半晌,闫慎道:“这些流犯与我们的初步目的是一致的,得先解决罗鸿绎,我怀疑他身后还有人,得先想办法把他们的势力拔除,这些流犯性命就能安然无恙。至于下一步,想办法把他们先困在此处,再去最近的州府调人手。”

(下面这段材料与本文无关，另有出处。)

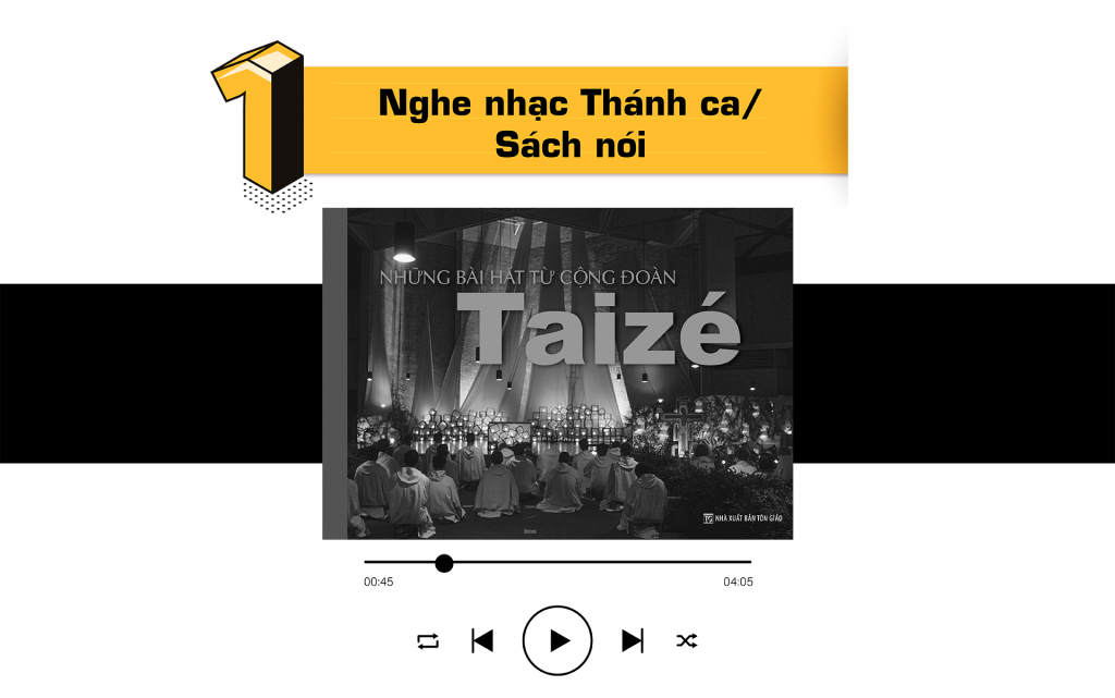 Vậy tại sao bạn không bật những bài Thánh ca bất hủ, những bản nhạc Thánh ca nhẹ nhàng, hay có giai điệu trẻ trung hợp với người trẻ. Ngoài ra, bạn còn có thể nghe sách nói, podcasts, hay radio về những câu chuyện Kinh Thánh.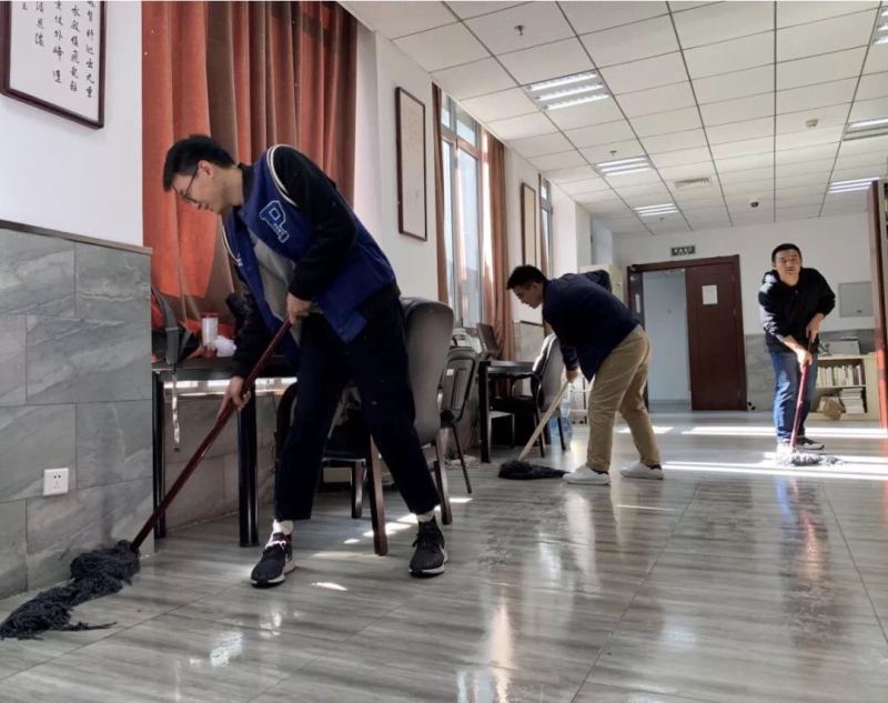 首先,同学们于上午9点30份来到了人民大学清史研究所文献馆进行打扫卫生的义务活动。文献馆作为清史所和其他专业同学查阅文献的场所,使用频率较高,故而灰尘较多,且在工作时段人流较大。同学们发挥不怕苦不怕累的作风,在清史所同学的引导下,迅速接受了任务,并以极高的热情清扫了文献馆地面、窗台、自习用桌椅在规定的时间内清理完成,且并未干扰同学们正常使用文献馆。

“我……”穆远看见闫慎冷冷的脸色,垂眸道,“卑职猜测他们找我们,一定是做了充分准备,此处物资拮据,但烧瓷的矿石充足,估计他们会在火药上动心思。”
闫慎眸色不明,思忖道:“跟紧他们,摸清他们的计划。”
穆远应了声,两人又相对无言了一阵。
穆远摸着自己手上整整齐齐的牙痕,心道闫慎的犬牙可真利,他正摸着,闫慎似是想起什么事情侧目过来,却愣了一愣。
穆远下意识把手背到身后,结巴道:“卑职、卑职皮糙肉厚,不打紧的。”
闫慎心里又疼又气又痒,他撇撇嘴不说话,别开眼不看他,手肘撑在膝盖上,整个人坐那就是一个大写的“你活该”。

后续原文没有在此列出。